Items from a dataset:

-*-

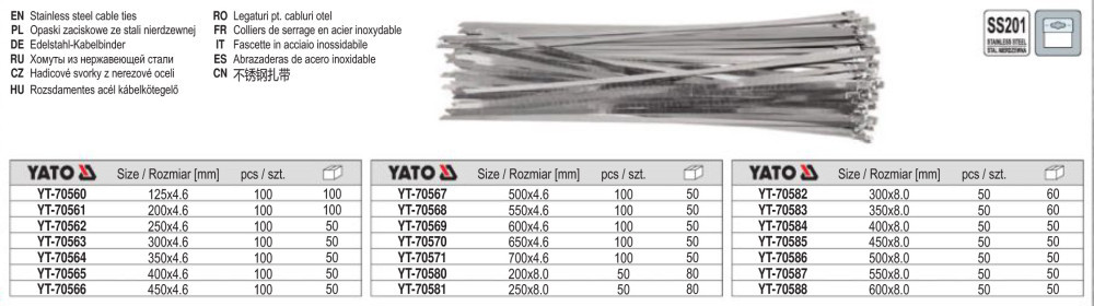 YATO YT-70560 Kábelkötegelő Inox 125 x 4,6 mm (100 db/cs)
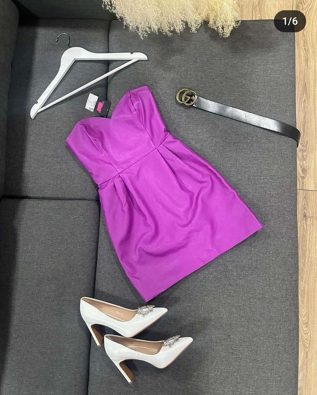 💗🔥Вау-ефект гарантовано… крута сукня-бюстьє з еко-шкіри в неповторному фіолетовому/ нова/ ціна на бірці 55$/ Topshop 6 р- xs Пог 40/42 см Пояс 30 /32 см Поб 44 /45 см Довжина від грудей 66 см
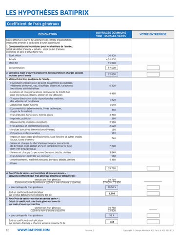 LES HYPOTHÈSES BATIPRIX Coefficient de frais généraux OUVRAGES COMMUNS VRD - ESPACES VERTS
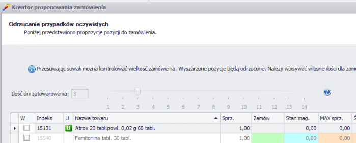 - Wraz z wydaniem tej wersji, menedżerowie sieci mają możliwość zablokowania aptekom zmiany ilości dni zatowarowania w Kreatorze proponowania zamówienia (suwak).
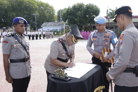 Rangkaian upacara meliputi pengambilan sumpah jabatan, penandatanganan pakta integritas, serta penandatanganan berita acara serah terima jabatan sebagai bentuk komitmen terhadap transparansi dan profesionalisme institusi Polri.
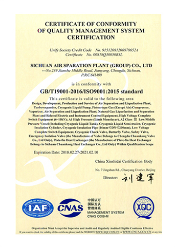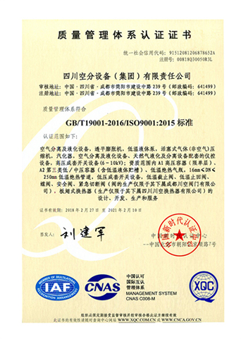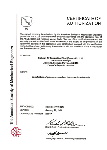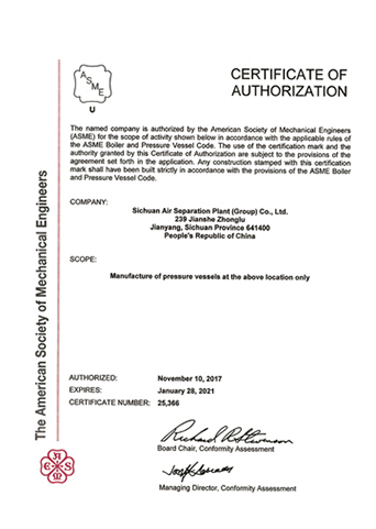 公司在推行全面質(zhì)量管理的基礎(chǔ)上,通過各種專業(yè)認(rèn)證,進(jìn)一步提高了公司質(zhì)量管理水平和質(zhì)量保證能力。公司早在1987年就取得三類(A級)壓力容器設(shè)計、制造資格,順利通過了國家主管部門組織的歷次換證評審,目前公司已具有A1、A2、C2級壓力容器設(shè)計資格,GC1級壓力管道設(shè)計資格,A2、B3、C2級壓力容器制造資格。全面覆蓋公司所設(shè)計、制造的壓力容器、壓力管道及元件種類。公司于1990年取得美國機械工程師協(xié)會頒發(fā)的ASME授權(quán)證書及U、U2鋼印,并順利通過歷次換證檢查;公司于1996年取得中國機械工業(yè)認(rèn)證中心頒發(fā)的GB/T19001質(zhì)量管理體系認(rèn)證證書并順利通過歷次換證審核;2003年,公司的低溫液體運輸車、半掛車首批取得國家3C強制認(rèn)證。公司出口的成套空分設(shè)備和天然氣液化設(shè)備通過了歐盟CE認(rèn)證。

-*-

TASK DETAILS ::
The required output is the exact lines from the opening line of the entries through the line with "- Wraz z wydaniem", inclusive, without pictures.

TASK RESULT ::
 YATO YT-70560 Kábelkötegelő Inox 125 x 4,6 mm (100 db/cs)
 💗🔥Вау-ефект гарантовано… крута сукня-бюстьє з еко-шкіри в неповторному фіолетовому/ нова/ ціна на бірці 55$/ Topshop 6 р- xs Пог 40/42 см Пояс 30 /32 см Поб 44 /45 см Довжина від грудей 66 см
 LES HYPOTHÈSES BATIPRIX Coefficient de frais généraux OUVRAGES COMMUNS VRD - ESPACES VERTS
 - Wraz z wydaniem tej wersji, menedżerowie sieci mają możliwość zablokowania aptekom zmiany ilości dni zatowarowania w Kreatorze proponowania zamówienia (suwak).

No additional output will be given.